--- Stored data entries ---
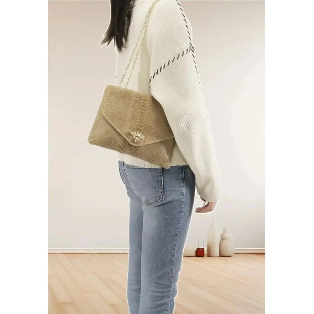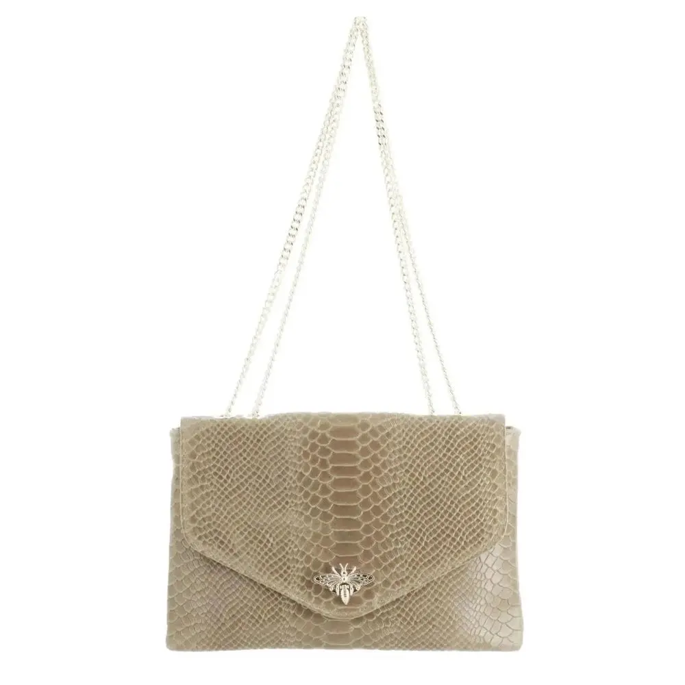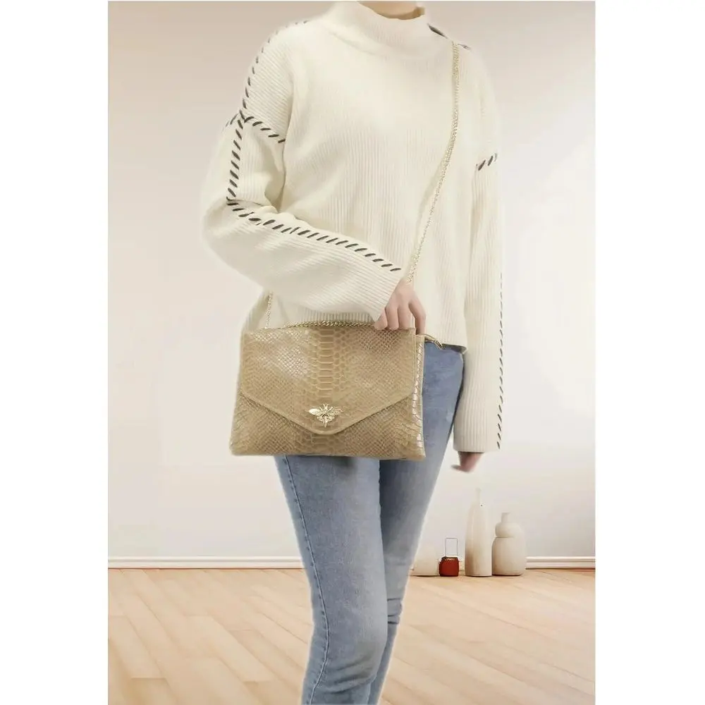 Sac bandoulière pochette en cuir crocodile véritable, avec design abeille dorée. Parfait pour les soirées, cérémonies, ou sorties. Dimensions : L 28 x H 19.5 x P 3 cm. Bandoulière dorée, porté épaule ou crossbody. 1 compartiment principal, 1 poche zippée à l’intérieur, 1 pochette arrière. élégant et pratique.
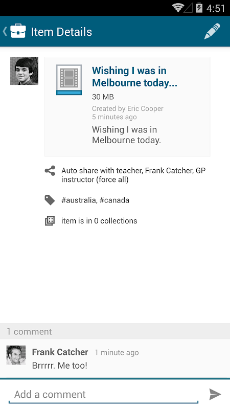 • Comment on other learners’ shared items and feedback
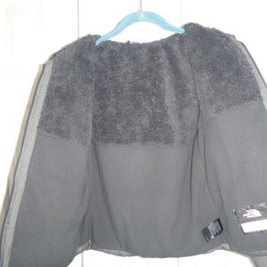 Preowned hooded boy's North Face jacket. Size Large (14/16.) Grey with black exterior. Down filled with partial fleece lining. No rips, tears, or stains. Smoke free home.
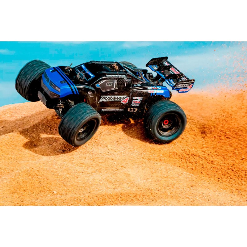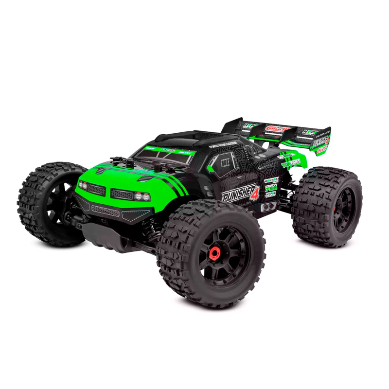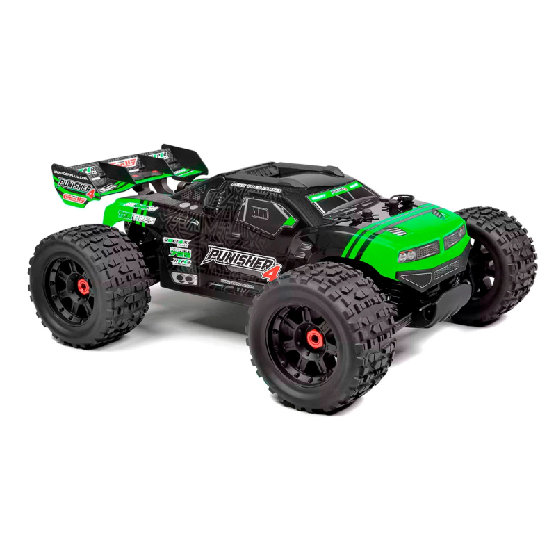Punisher4, RC monster truck XL4S, je navržen pro začátečníky i zkušené bashery. Je postaven na stejném podvozku jako model Syncro4 a přináší inovativní funkce za bezkonkurenční cenu. Nové velkoobjemové kompozitové tlumiče, extrémně odolné kompozitové parohy tlumičů a zesílený systém výztuh podvozku jsou příkladem dokonalé kombinace odolnosti a výkonu. Díky výraznému hliníkovému podvozku v titanové barvě, ochranným deskám, novému wheelie kolečku a aerodynamickému křídlu Punisher4 nově definuje off-road styl.
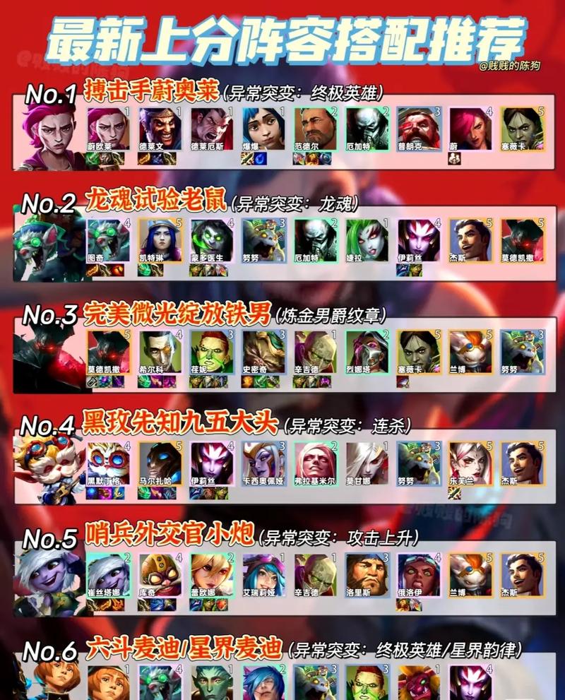 〖Six〗、极客九五阵容 核心思路:利用极客羁绊快速获取装备和经济优势,后期转型为九五至尊(即9人口全2星高费卡阵容)以碾压对手。关键英雄:吉格斯、维克托、金克丝等极客英雄,以及杰斯、塔姆等5费卡作为后期补充。装备推荐:优先合成无尽之刃、蓝霸符等提升输出能力的装备。
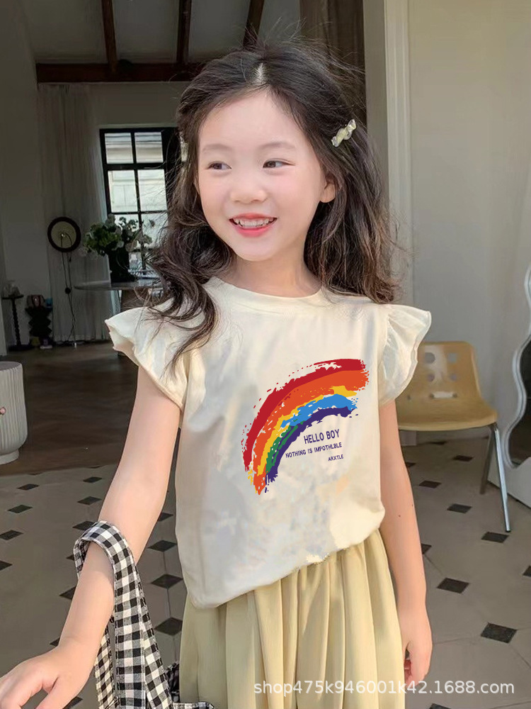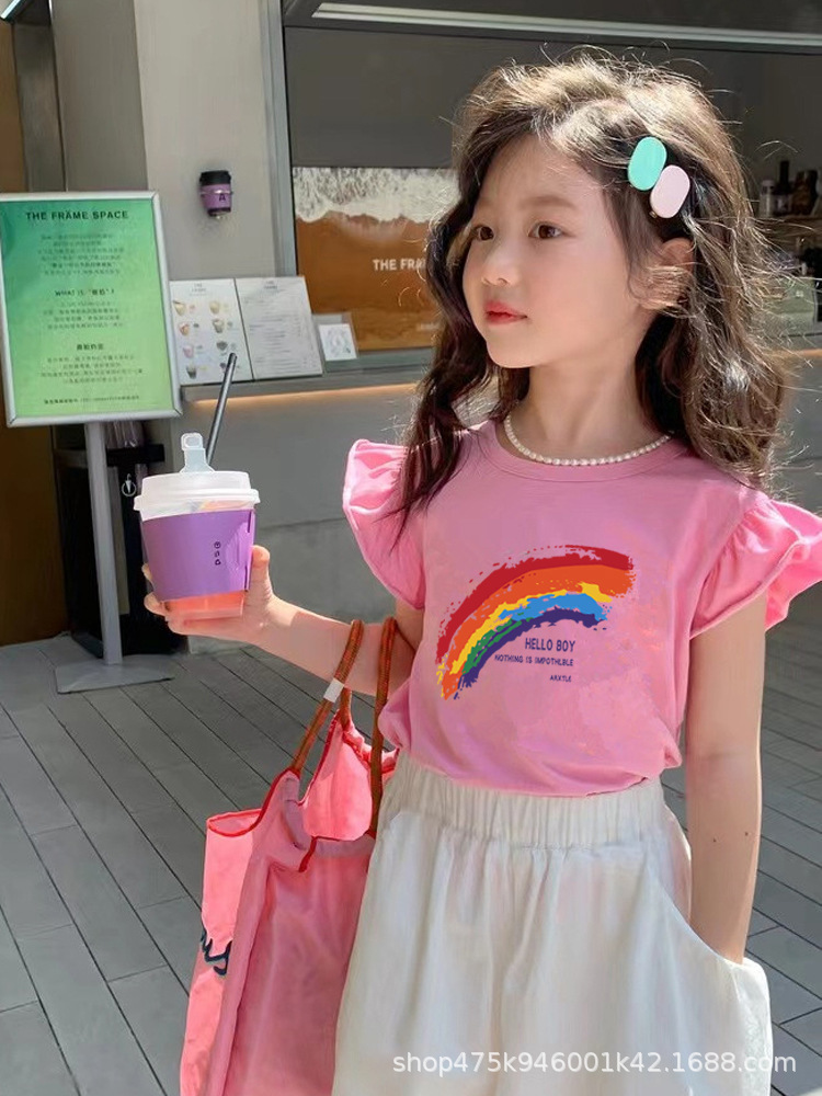 도매 국경 소녀들의 작은 비행 소매면 탑 어린이 서양식 얇은 티셔츠 소녀 아기 둥근 목 티셔츠 여름
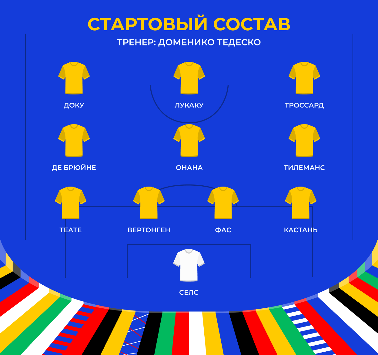 Полузащитники: Амаду Онана ("Эвертон"), Янник Феррейра Карраско ("Аль-Шабаб"), Астер Вранкс ("Вольфсбург"), Юри Тилеманс ("Астон Вилла"), Орель Мангаля ("Ноттингем Форест"), Кевин де Брюйне ("Манчестер Сити"), Артюр Вермерен ("Атлетико")
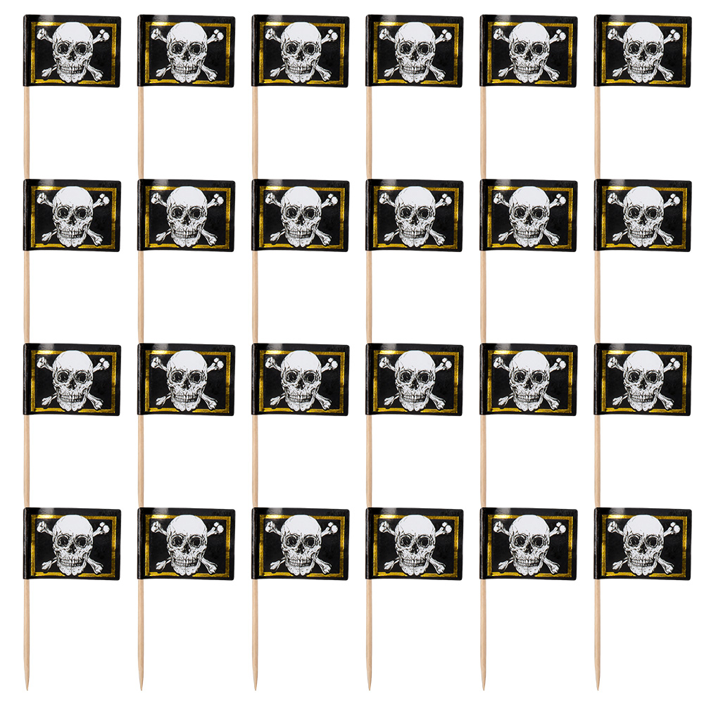 Set 24 Vlaggenprikkers Piraten (7 cm)

--- Exercise details ---
I'd like the entries above repeated exactly, but without any of their pictures.

--- Output of the exercise ---
 Sac bandoulière pochette en cuir crocodile véritable, avec design abeille dorée. Parfait pour les soirées, cérémonies, ou sorties. Dimensions : L 28 x H 19.5 x P 3 cm. Bandoulière dorée, porté épaule ou crossbody. 1 compartiment principal, 1 poche zippée à l’intérieur, 1 pochette arrière. élégant et pratique.
 • Comment on other learners’ shared items and feedback
 Preowned hooded boy's North Face jacket. Size Large (14/16.) Grey with black exterior. Down filled with partial fleece lining. No rips, tears, or stains. Smoke free home.
Punisher4, RC monster truck XL4S, je navržen pro začátečníky i zkušené bashery. Je postaven na stejném podvozku jako model Syncro4 a přináší inovativní funkce za bezkonkurenční cenu. Nové velkoobjemové kompozitové tlumiče, extrémně odolné kompozitové parohy tlumičů a zesílený systém výztuh podvozku jsou příkladem dokonalé kombinace odolnosti a výkonu. Díky výraznému hliníkovému podvozku v titanové barvě, ochranným deskám, novému wheelie kolečku a aerodynamickému křídlu Punisher4 nově definuje off-road styl.
 〖Six〗、极客九五阵容 核心思路:利用极客羁绊快速获取装备和经济优势,后期转型为九五至尊(即9人口全2星高费卡阵容)以碾压对手。关键英雄:吉格斯、维克托、金克丝等极客英雄,以及杰斯、塔姆等5费卡作为后期补充。装备推荐:优先合成无尽之刃、蓝霸符等提升输出能力的装备。
 도매 국경 소녀들의 작은 비행 소매면 탑 어린이 서양식 얇은 티셔츠 소녀 아기 둥근 목 티셔츠 여름
 Полузащитники: Амаду Онана ("Эвертон"), Янник Феррейра Карраско ("Аль-Шабаб"), Астер Вранкс ("Вольфсбург"), Юри Тилеманс ("Астон Вилла"), Орель Мангаля ("Ноттингем Форест"), Кевин де Брюйне ("Манчестер Сити"), Артюр Вермерен ("Атлетико")
 Set 24 Vlaggenprikkers Piraten (7 cm)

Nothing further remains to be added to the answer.